He shook his head. “Saul told me, a while back, that he was working on a cloning system. In ten years or so, we might be able to produce a generation of healthy children, slightly modified to be healthy and breed true in low gravity. There may actually be something to that idea some Sergeov’s Ubers talk about, of telling Earth to go to hell and trying to colonize Triton.”
Virginia blinked, realizing what might bring him over to accepting such a plan. “You mean… me, in particular, don’t you?”
“Yes. You, me, the children only you and I could have together. I…I might be persuaded to see another point of view, if that seemed possible.”
Inside Virginia’s mind and heart, winter blew. It was a numb incapacity, n unwillingness to understand this. Dimly, she knew that this was Carl’s own unique version of the neuroses they all had, by now— no worse than normal, but highly unusual. It was a curse of hypertrophied romanticism. The wistful teenager in him had, in one respect, been frozen in time.
She knew that a simple confession might solve this… a frank admission that, no matter how great the technical miracles science made available, she would never have children by any man. The universe had decided that long ago.
The numbness was too great, though, Too much like a weight of ice she could not lift, even to be kind to a dear friend.
“I won’t tell anybody about Mars, Carl.”
“You won’t?” He blinked. “But I.”
“You’ve convinced me that you’re right. It will be better this way… to die bringing life to a dead world. Better than a pointless extinction, the way we’re headed.”
She backed away and turned her transmitter back on. “Tell me when and where you want to meet the first Care Package, and give me a support team. I’ll begin running simulations for a rendezvous right away.
“I’ll be seeing you, Carl.”
She tried not to look at his eyes as she turned away, but she felt his gaze on her back as she picked a narrow, solitary path back down into her crypt, far below the cold stars.
SAUL
It was a sophisticated beast, the vehicle that had traveled so far to bring them gifts from distant Earth, and it had blazed a daring path to reach them here in only five years. Swooping three times past the sun, it had gained terrific speed, until now it streaked outward into the black depths below and beyond the solar-system plain.

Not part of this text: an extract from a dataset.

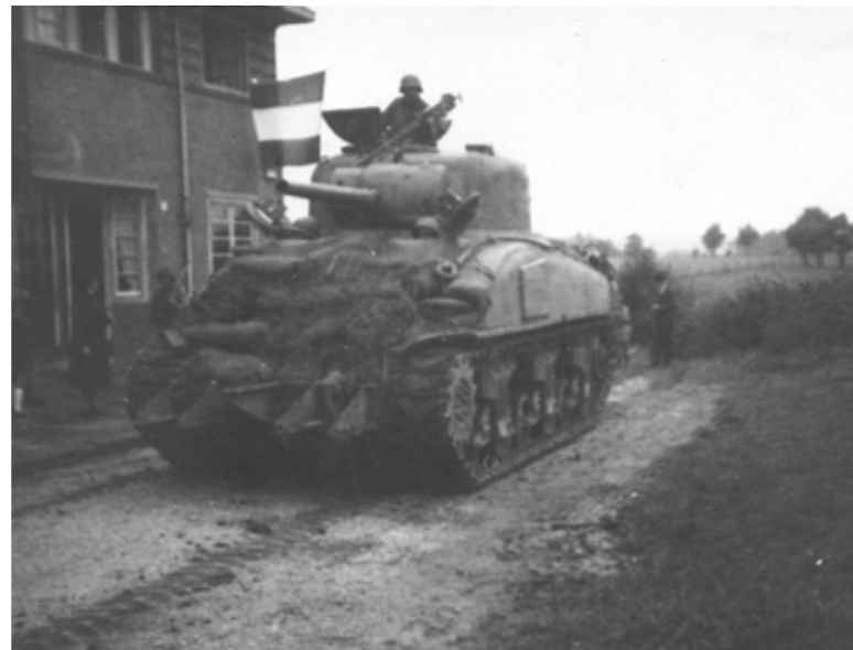
Een Amerikaanse M4 Sherman tank. Het grote 12.7 mm (.50) machinegeweer is hier duidelijk te zien. Met dat wapen konden vliegtuigen beschoten worden. Ook is de tank voorzien van een soort 'scharen' om door heggen te breken.

During each whipping solar passage it had ridden the blazing sunlight on giant gossamer sails. Then, when distance had dimmed the fires behind it, the great sheets folded away and the machine’s own flame burst forth. Bits of antimatter met in a tiny combustion chamber, releasing energy that was an early collimated light, propelling the craft faster still.
Only three passes were needed to bring its orbit into the plane of Halley’s— but much faster than the fleeing comet. Technology made it possible, and the hot flux of reawakened public opinion demanded speed. To the popular press of a new generation, this was an errand of mercy that would brook no delay.
To others it was something else altogether— a down payment on a bribe to persuade the strange, time-cast, and infected colonists to keep to their agreement, an agreement to stay away.
Did some hope, in this way, to assuage their guilt over the burning of the Edmund Halley? Or to slake their shame over the years of silence and neglect?
Saul watched the screens, along with selected representatives of all the clans, in the cavernous Central Control Room. For once the chamber was actually full, though he would have wagered that the architects had never imagined such a crowd… glowering figures wearing tattoos and clothing woven of Halleyform lichen fiber, bearing scars from illnesses never seen on Earth and muttering to one another in strange dialects.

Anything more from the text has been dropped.